Complete Analysis Pipeline

async def comprehensive_model_analysis(model_path: str):
    """Complete model analysis using multiple tools"""

    # Initialize tools
    analysis_tool = MetabolicAnalysisTool()
    fba_tool = FBATool()
    fva_tool = FluxVariabilityTool()
    deletion_tool = GeneDeletionTool()

    results = {}

    # Step 1: Model structure analysis
    structure = analysis_tool.execute({"model_path": model_path})
    results["structure"] = structure.data

    # Step 2: Growth analysis
    growth = fba_tool.execute({
        "model_path": model_path,
        "simulation_method": "pfba"
    })
    results["growth"] = growth.data

    # Step 3: Flux variability
    if growth.data["growth_rate"] > 0:
        fva = fva_tool.execute({
            "model_path": model_path,
            "fraction_of_optimum": 0.9
        })
        results["variability"] = fva.data

    # Step 4: Gene essentiality
    essentiality = deletion_tool.execute({
        "model_path": model_path,
        "deletion_type": "single"
    })
    results["essentiality"] = essentiality.data

    return results

Custom Tool Development

from src.tools.base import BaseTool, ToolResult
from pydantic import BaseModel

class CustomMetaboliteAnalysisTool(BaseTool):
    """Custom tool for specialized metabolite analysis"""

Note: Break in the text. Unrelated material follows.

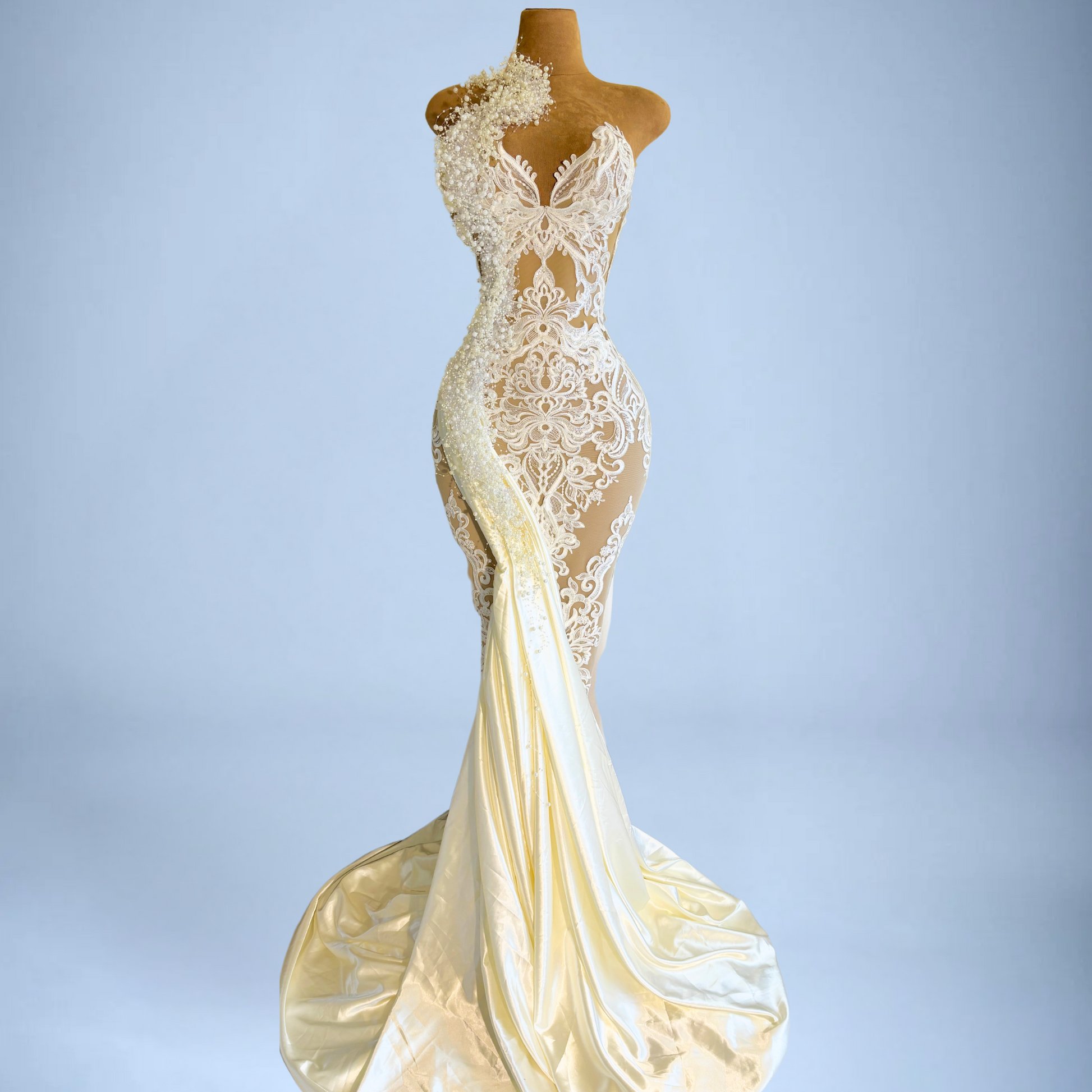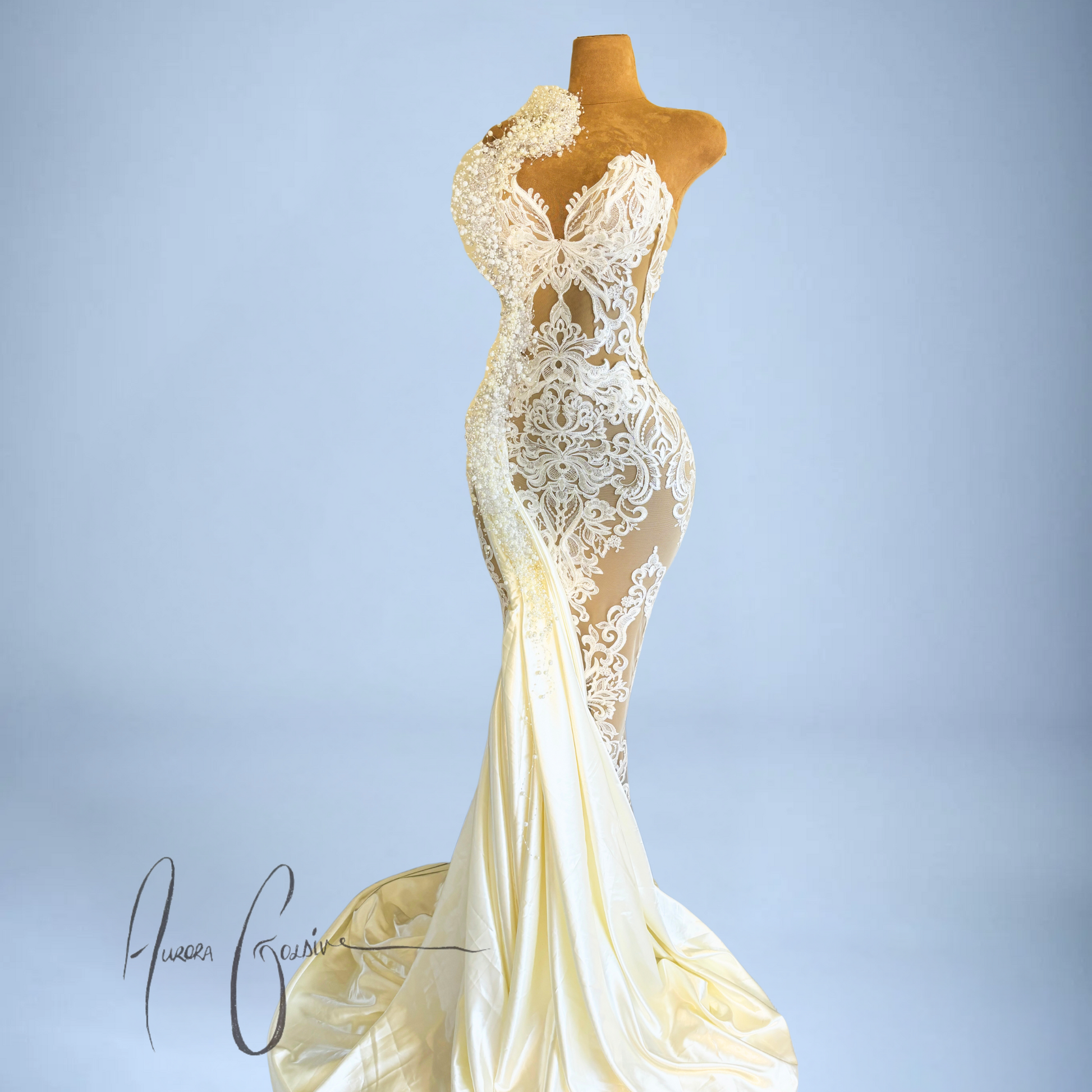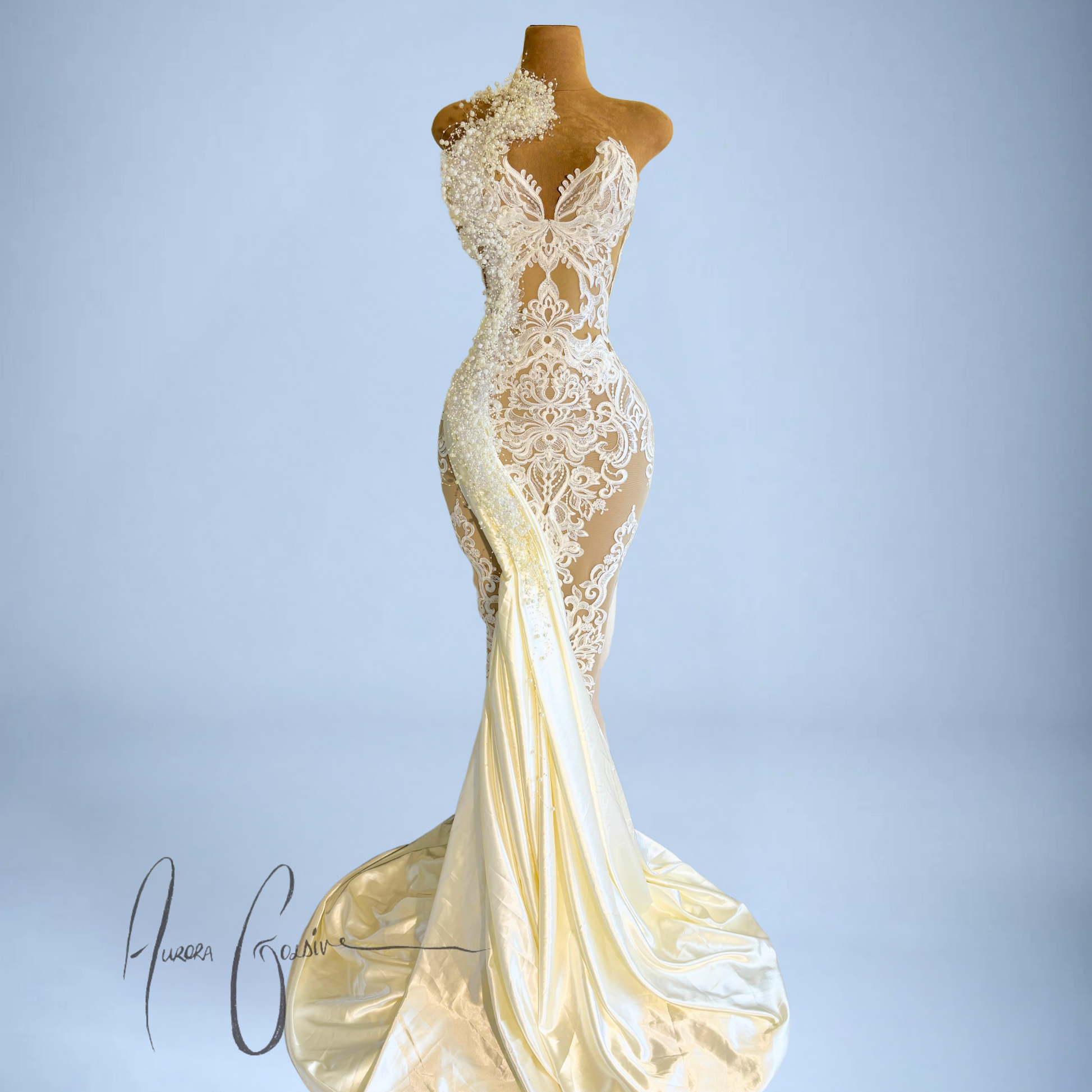 Materials: Satin, Lace, Pearls, Beads 3D Design, Skin Tone Mesh

    class Config(BaseModel):
        metabolite_filter: List[str] = []
        include_cofactors: bool = False
        analysis_depth: str = "standard"

    def _run_tool(self, input_data: Any) -> ToolResult:
        try:
            model_path = self._extract_model_path(input_data)

            # Load model
            model = self._load_model(model_path)

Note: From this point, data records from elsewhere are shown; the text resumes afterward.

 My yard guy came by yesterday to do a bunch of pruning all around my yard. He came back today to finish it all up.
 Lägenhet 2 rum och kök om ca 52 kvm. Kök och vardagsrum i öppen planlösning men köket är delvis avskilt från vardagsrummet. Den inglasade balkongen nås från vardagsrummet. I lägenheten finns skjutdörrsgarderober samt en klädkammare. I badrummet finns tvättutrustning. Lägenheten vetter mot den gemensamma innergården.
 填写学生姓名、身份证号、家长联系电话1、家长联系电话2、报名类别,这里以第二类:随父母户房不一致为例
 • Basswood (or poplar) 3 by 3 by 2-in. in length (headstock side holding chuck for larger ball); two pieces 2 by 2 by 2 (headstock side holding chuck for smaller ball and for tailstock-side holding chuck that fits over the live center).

            # Custom analysis logic
            results = self._analyze_metabolites(model)

            return ToolResult(
                success=True,
                message=f"Analyzed {len(results)} metabolites",
                data=results,
                metadata={
                    "tool_version": "1.0.0",
                    "model_reactions": len(model.reactions),
                    "analysis_time": self._get_execution_time()
                }
            )

        except Exception as e:
            return ToolResult(
                success=False,
                message=f"Metabolite analysis failed: {str(e)}",
                error=str(e)
            )

    def _analyze_metabolites(self, model):
        """Custom metabolite analysis implementation"""
        # Your analysis logic here
        return {"metabolite_data": {}}

# Register the custom tool
@ToolRegistry.register
class RegisteredCustomTool(CustomMetaboliteAnalysisTool):
    pass

This comprehensive tool implementation reference provides the technical details needed for advanced usage, custom tool development, and integration with the ModelSEEDagent platform.